Marc Emery agrees to 5 years in Canadian prison (updated)


Marc Emery, Vancouver’s self-styled Prince of Pot, has tentatively agreed to a five-year prison term in a plea bargain over U.S. money laundering and marijuana seed-selling charges.
Facing an extradition hearing Jan. 21 and the all-but-certain prospect of delivery to American authorities, Emery has cut a deal with U.S. prosecutors to serve his sentence in Canada.
He also hopes it will save his two co-accused — Michelle Rainey and Greg Williams, who were his lieutenants for so much of the past decade. […]
If accepted by the courts in both countries, Emery said he will serve the full term and not be eligible for Canada’s lenient get-out-of-jail-early rules.
“I’m going to do more time than many violent, repeat offenders,” he complained. “There isn’t a single victim in my case, no one who can stand up and say, ‘I was hurt by Marc Emery.’ No one.”
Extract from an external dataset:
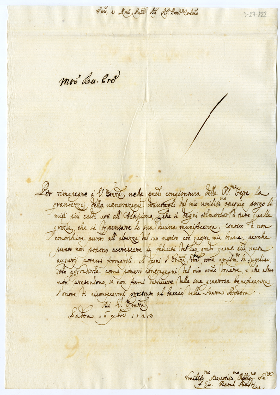 Lettera di fra Giovanni Natal Baldi al cardinale Annibale Albani (1723 dicembre 16)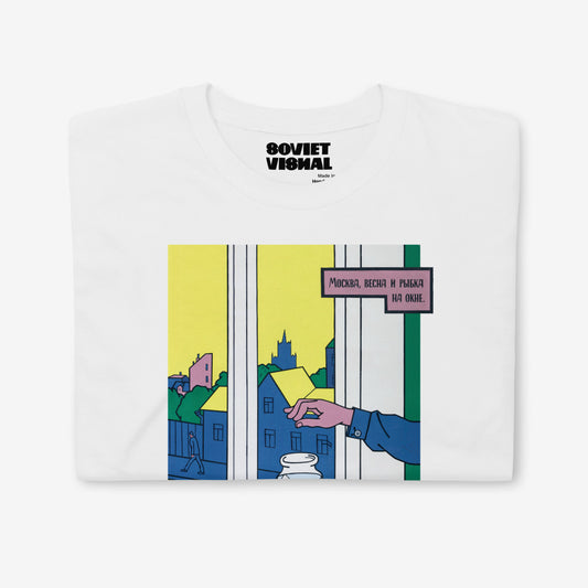 Viktor Pivovarov ‘Moscow, Spring and a Little Fish by a Window’ Art T-Shirt – Soviet Conceptualist Design – Premium Cotton

Ian Mulgrew, the author of the article, goes on to editorialize pretty strongly that the Canadian government should step in…

It’s time for Justice Minister Rob Nicholson to step in and say, sorry, Uncle Sam, not today — not ever.

Update: This report tells a slightly different story:

Emery says his lawyers told him there was no hope to refute the U.S. allegations and the American offer also includes no jail time for his co-accused Greg Williams and Michelle Rainey.
He says the American’s have demanded a 10-year prison term, where he serves at least five years in custody, most of it in Canada. […]
Emery, who’s been a vocal advocate for decriminalizing pot, says if the federal government agrees to the plea deal he could be going to serve time in a U.S. prison within the next 60 days.

Still 5 years actually served, but with the idea of some of it in the U.S.
Interesting, if this is true. Probably having a little bit of time served in the U.S. is a way for the U.S. prosecutors to save face? — be able to say that they actually successfully extradited him, without taking the chance of Canada balking?
Hope the lawyers are doing their job well with the negotiations (dotting i’s, making sure there are witnesses to the terms, etc.). Call me cynical, but I can’t help imagining some additional charges magically surfacing once Emery’s in the U.S.
Of course, remember that these are still preliminary reports.